The Lumbee Problem: The Making of an American Indian PeoplePosted in Anthropology, Books, History, Media Archive, Monographs, Native Americans/First Nation, United States on 2013-08-24 23:09Z by Steven |
The Lumbee Problem: The Making of an American Indian People
University of Nebraska Press
2001 (Originally published in 1980)
298 pages
Illus., maps
Paperback ISBN: 978-0-8032-6197-6
Karen I. Blu, Emeritus Associate Professor of Anthropology
New York University
How does a group of people who have American Indian ancestry but no records of treaties, reservations, Native language, or peculiarly “Indian” customs come to be accepted—socially and legally—as Indians? Originally published in 1980, The Lumbee Problem traces the political and legal history of the Lumbee Indians of Robeson County, North Carolina, arguing that Lumbee political activities have been powerfully affected by the interplay between their own and others’ conceptions of who they are.
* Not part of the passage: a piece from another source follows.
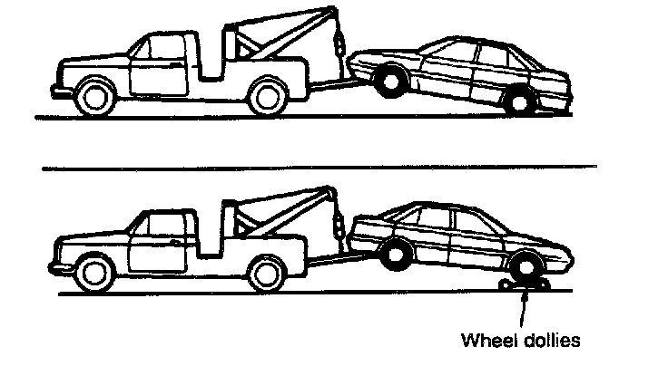 Proper towing equipment is necessary to prevent damage to the vehicle. Always observe laws and regulations applicable to vehicles in tow. As a general rule, towed vehicles should be pulled with the driving wheels off the ground. If excessive damage or other conditions prevent towing the vehicle with the driving wheels off the ground, use wheel dollies.
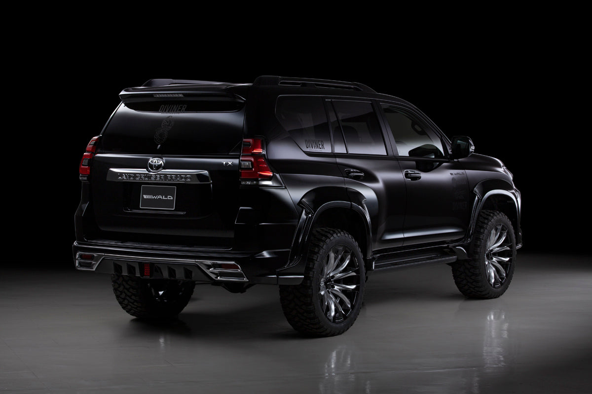 | Product Description | Year Model: 2020.8~ For model 3BA (for gasoline vehicles). Cut the outlet and install by welding. After Face Lift Model of Toyota 150 PRADO got the tuning program by WALD International. The style of the front and rear spoilers are the add-on "SPORTS LINE” Design. To enhance the quality of the products and make the easy installation, ABS Material is adopted. The Accent Chrome Garnish create the high-class air on the body. By developing the 45 mm width (One Side) Over Fender, the aggressive style can be on TOYOTA 150 PRADO. The Exclusive Size Wheel is set up for the Over Fender. In addition to the extra modification, the Dual Side Muffler is developed for the heavy exhaust sound. |

The book offers insights into the workings of racial ideology and practice in both the past and the present South—and particularly into the nature of Indianness as it is widely experienced among non-reservation Southeastern Indians. Race and ethnicity, as concepts and as elements guiding action, are seen to be at the heart of the matter. By exploring these issues and their implications as they are worked out in the United States, Blu brings much-needed clarity to the question of how such concepts are—or should be—applied across real and perceived cultural borders.